See the discussion on #2067 ... but, given that equality on Nat is irrelevant, I can't think of a good argument against your approach... but this is something we have also discussed in the context of (picking specific witnesses to) irrelevant instance resolution, so shout outs to @MatthewDaggitt and @JacquesCarette for their input...
thanks for the link! I took a quick look at all of the comments and threads and was unable to find discussion on the eq, and from what I see, this style of proof predates #2067. later I'll take a deeper look :)
also as an offtopic, shout out to @shhyou for the reasoning system, it is really nice documented and a pleasure to use!
Thinking a little bit more about your question... it seems to me that
- the 'library of combinators' approach does (seem to) mean/require that properties all be stated in a particular stereotyped form
cast eq xs ≡ ys - so, while individual lemmas might permit your trick/simplification to work, the general case will/might not work in general
- for your particular example, and others, it might be good to offer an
eq-free derived form, as potentially more usable?
the 'library of combinators' approach does (seem to) mean/require that properties all be stated in a particular stereotyped form cast eq xs ≡ ys
hmm, I'm struggling to see where the conflict is here 🤔 the style I'm suggesting doesn't change the fact that properties are stated as cast eq xs ≡ ys, it just means the user doesn't have to provide an eq to get the proof.
so, while individual lemmas might permit your trick/simplification to work, the general case will/might not work in general
do you have an example of a lemma that might not permit the second style? I was able to rewrite all proofs in Vec.Properties to the second style without an issue, even ones that use the combinators (such as reverse-++). also bear in mind we have many proofs already using the second style!
for your particular example, and others, it might be good to offer an eq-free derived form, as potentially more usable?
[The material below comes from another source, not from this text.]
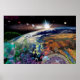 Du microcosme au macrocosme, des atomes aux astronautes, cette affiche artistique célèbre l'univers à de multiples échelles et dimensions.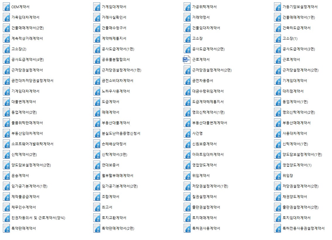 (압축파일이 1메가 바이트 이하로 부담 없는 용량이니 한 번에 다운로드해서 필요한 계약서 양식을 찾아 사용하시기 바랍니다.)

agreed. I would in fact derive the eq-taking (current) form from the eq-free form, as I did above, as it also simplifies the code a bit
I think providing proofs of eqs in the lemmas is going to be a nice improvement.
When I originally added some of the cast proofs, I did not think that much and simply followed the patterns of existing lemmas. In the old proofs, some eqs exist since they are inevitable. Here are some examples:
cast-∷ʳ : ∀ .(eq : suc n ≡ suc m) x (xs : Vec A n) →
cast eq (xs ∷ʳ x) ≡ (cast (cong pred eq) xs) ∷ʳ x
cast-++ˡ : ∀ .(eq : m ≡ o) (xs : Vec A m) {ys : Vec A n} →
cast (cong (_+ n) eq) (xs ++ ys) ≡ cast eq xs ++ ys
cast-++ʳ : ∀ .(eq : n ≡ o) (xs : Vec A m) {ys : Vec A n} →
cast (cong (m +_) eq) (xs ++ ys) ≡ xs ++ cast eq ys
lookup-cast : .(eq : m ≡ n) (xs : Vec A m) (i : Fin m) →
lookup (cast eq xs) (Fin.cast eq i) ≡ lookup xs iOf course, these are not the cases for the lemmas you observed. From what I can see, for example, these properties can also have their eq proofs be specialized to +-assoc and +-identityʳ from Data.Nat.Properties since they are irrelevant in cast anyway:
++-assoc : ∀ .(eq : (m + n) + o ≡ m + (n + o)) (xs : Vec A m) (ys : Vec A n) (zs : Vec A o) →
cast eq ((xs ++ ys) ++ zs) ≡ xs ++ (ys ++ zs)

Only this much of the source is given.